A game has begun for the hunter and the hunted. But as Hill confronts his own hidden demons, he must also come face-to-face with an evil so profound he may not have the courage—or the power—to stop it…
The Torment of Others: A Novel
Val McDermid
Dr. Tony Hill and Detective Chief Inspector Carol Jordan return in the award-winning series that is the basis for the hit show on BBC America.
In a small grim room, the body of a woman is discovered, panic and pain etched in her face. The scene matches in every detail a series of murders two years ago-murders that ended when irrefutable forensic evidence secured the conviction of a deeply disturbed young man named Derek Tyler.
But there’s no way Tyler could have killed the latest victim. He’s been locked up in a mental institution since his trial, barely speaking a word. So is there a copycat?

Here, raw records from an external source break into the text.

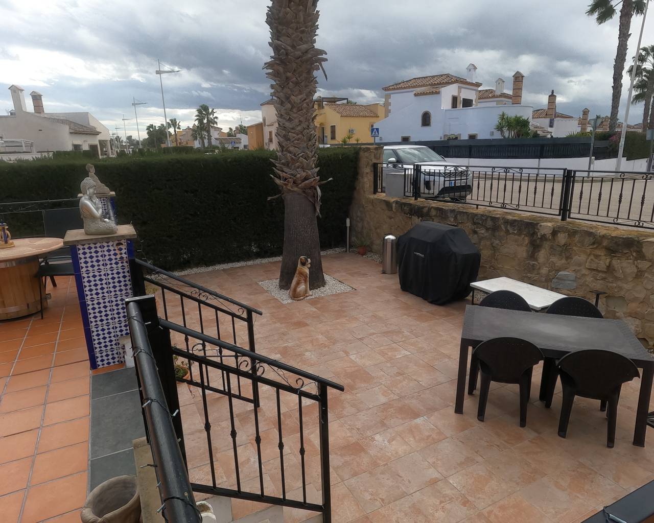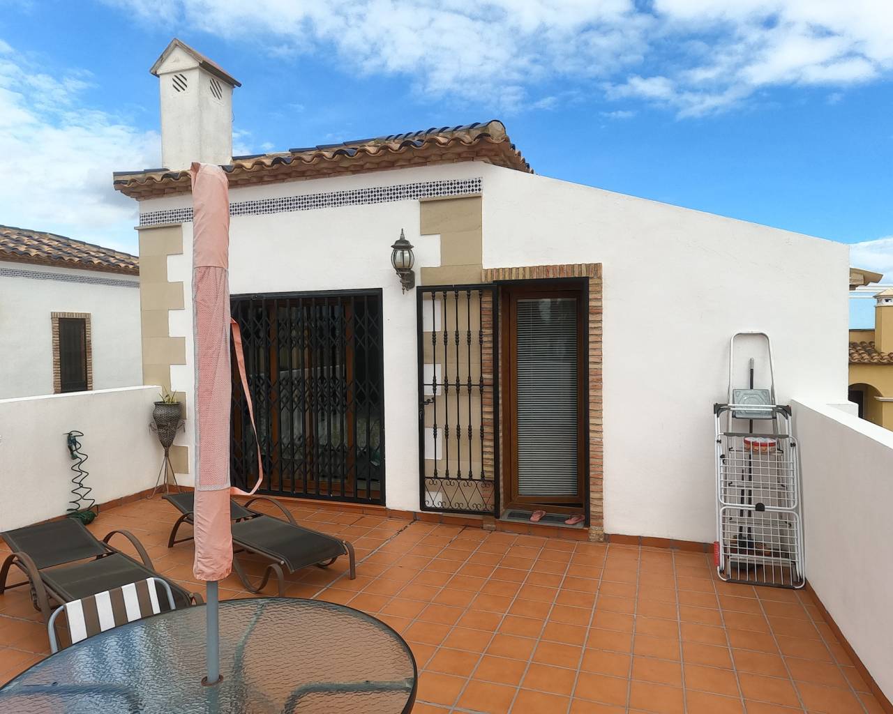 For sale is a well-maintained resale villa located in the sought-after area of Algorfa, La Finca Golf. This inviting home offers 110 m2 of internal space, providing ample room for family living. The villa consists of three comfortable bedrooms and two modern bathrooms. Built in 2003, the property combines traditional charm with practical living spaces. The villa is partially furnished, allowing you to move in straight away or add your own touches. Enjoy the benefits of a south west facing property, perfect for making the most of natural light throughout the day. Step outside to relax in the communal swimming pool or enjoy the picturesque mountain views from the roof terrace, that create a peaceful backdrop. Golf enthusiasts will appreciate direct access to the renowned La Finca Golf course. The villa is also conveniently located close to amenities such as shops, restaurants, and local services, ensuring everything you need is within easy reach. The large communal pool is only a short walk away from the property. Algorfa, La Finca Golf is known for its beautiful surroundings and quality lifestyle, making it a favored choice for residents and holidaymakers alike. To arrange a viewing or discover more about this fantastic home, contact Orange Casas today.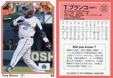 Nombre comercial en japonés: BBM/現役レギュラー/2013BBMベースボールカード CLASSIC 033 [現役レギュラー] : T.ブランコ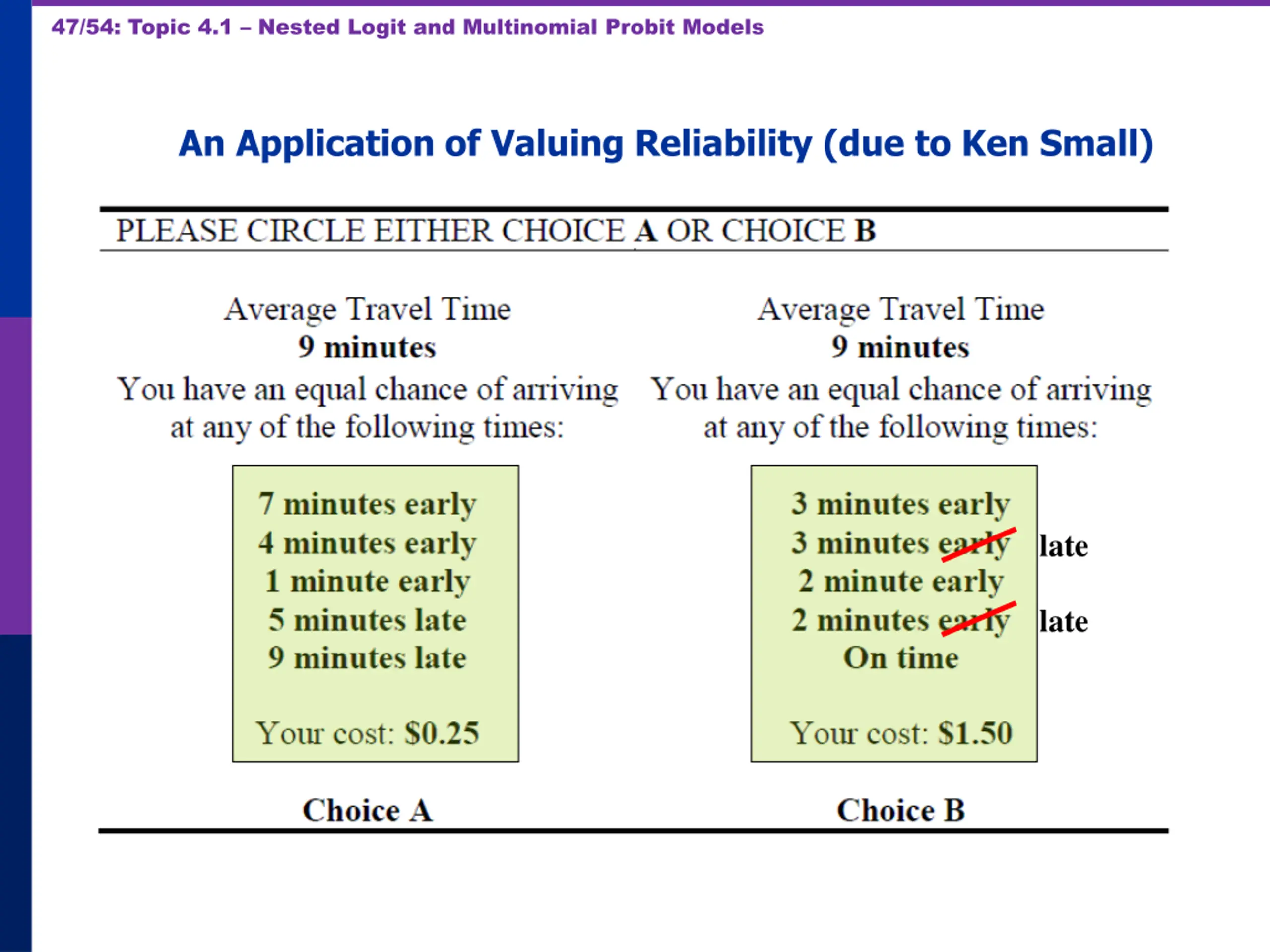 47/54: Topic 4.1 Nested Logit and Multinomial Probit Models An Application of Valuing Reliability (due to Ken Small) late late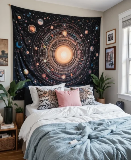 Tapestries create quick visual impact without heavy décor. Choose boho, cosmic, minimal, or geometric prints. Hang with adhesive hooks to stay dorm-safe. They fill blank walls and make the dorm feel more expressive.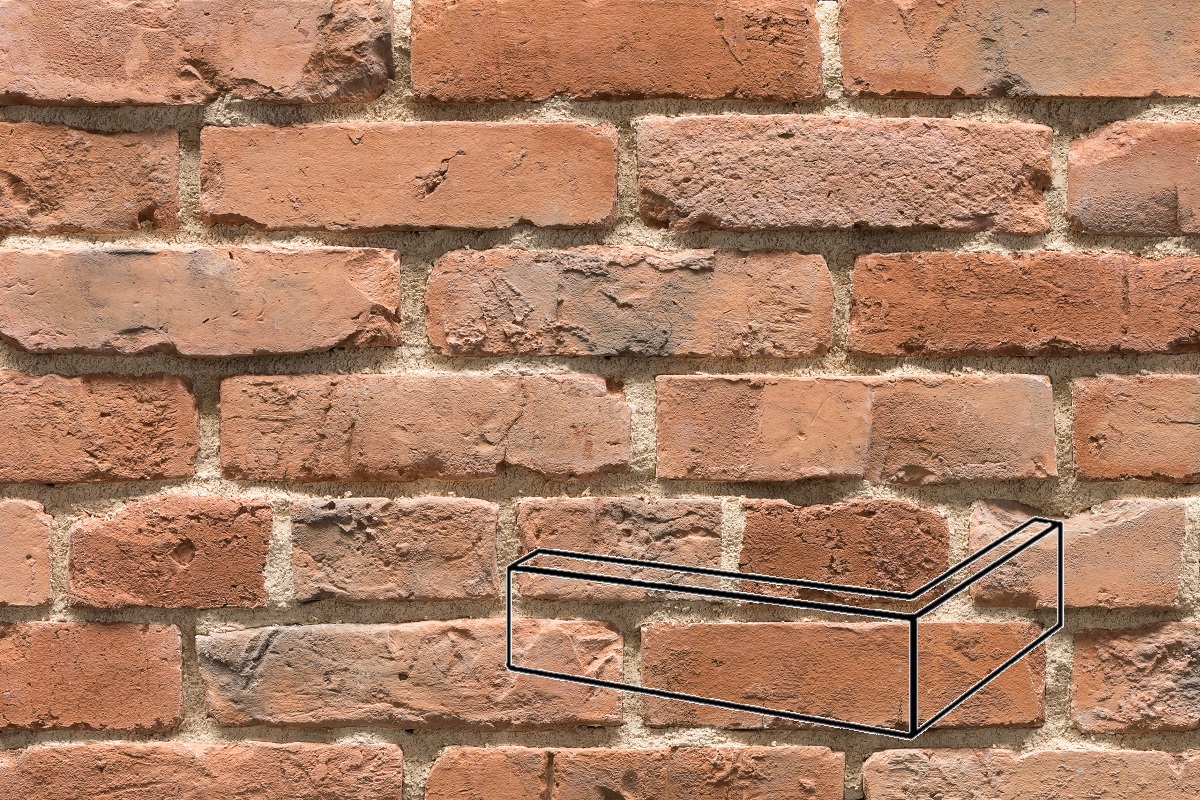 Настенная плитка Угловой элемент Кирпич Кревский 27.14.У (02), шов 12, 6.4х21 Охра Феодал рельефная (структурированная) 00000040042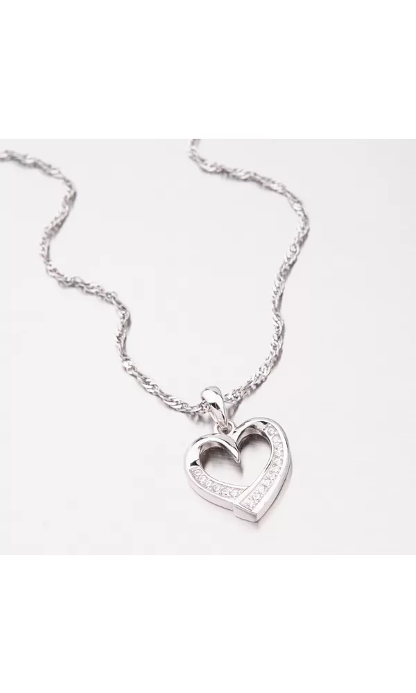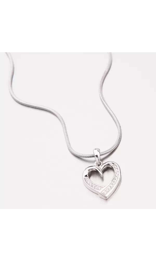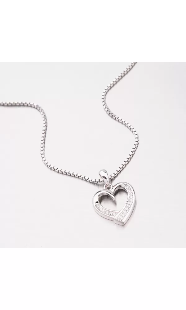 Decentný prívesok je tvare srdca vám jemne ozdobí dekolt. Prívesok je leštený do vysokého lesku a je zdobený zirkónmi v briliantovom bruse. Tento brús zaisťuje zirkónom brilanciu pravých diamantov.

All his years of experience tell top criminal psychologist Dr. Tony Hill that there isn’t-but that would make the murders literally impossible. While Hill tries to crack Tyler, DCI Carol Jordan and her team must mount a desperate undercover operation to trap the murderer-a decision that will have terrible consequences.
As the tension mounts, a mixture of psychological insight and dogged detective work leads inexorably to a terrifying climax where Tony faces one of the most perverse killers he has ever encountered.
Val McDermid
A killer is on the loose, blurring the line between fact and fiction. His prey—the writers of crime novels who have turned psychological profilers into the heroes of the nineties. But this killer is like no other. His bloodlust shatters all the conventional wisdom surrounding the motives and mechanics of how serial killers operate. And for one woman, the desperate hunt to uncover his identity becomes a matter of life and death.
Professor Fiona Cameron is an academic psychologist who uses computer technology to help police forces track serial offenders. She used to help the Met, but vowed never to work for them again when they went against her advice and subsequently botched an investigation. Still smarting from the experience, she’s working a case in Toledo when her lover, thriller writer Kit Martin, tells her a fellow crime novelist has been murdered. It’s not her case, but Fiona can’t help taking an interest. When the killer strikes again Fiona finds herself caught in a race against time—not only to save a life but also to find redemption, both personal and professional.…
A Suitable Job for a Woman: Inside the World of Women Private Eyes
Val McDermid
But down these mean streets must go a man who is not himself mean, who is neither tarnished or afraid..” When Raymond Chandler wrote these words in his classic The Simple Art of Murder, he drew a blueprint for the male private eyes who descend from Philip Marlowe to populate the world of crime fiction.
But what if the private eye is a woman? And what if she is not a character in a novel but a real, working investigator testing not only the meanness but the absurdity of life on seamy streets? Who will tell her story?
Enter Manchester’s Val McDermid, herself a skilled writer of the P.I. novel but for years a professional journalist. In an effort to plumb the real world of working women - and throw new light on her own craft - she has interviewed women private eyes from both sides of the Atlantic and assembled their stories with an eye for the absurd and a keen grasp of the gritty nuts and bolts of the profession.
As fascinating as fiction, A Suitable Job for a Woman is, in the words of Edgar-winning author Nevada Barr, “a concise and eye-opening trek through the competence, humor, and humanity of women.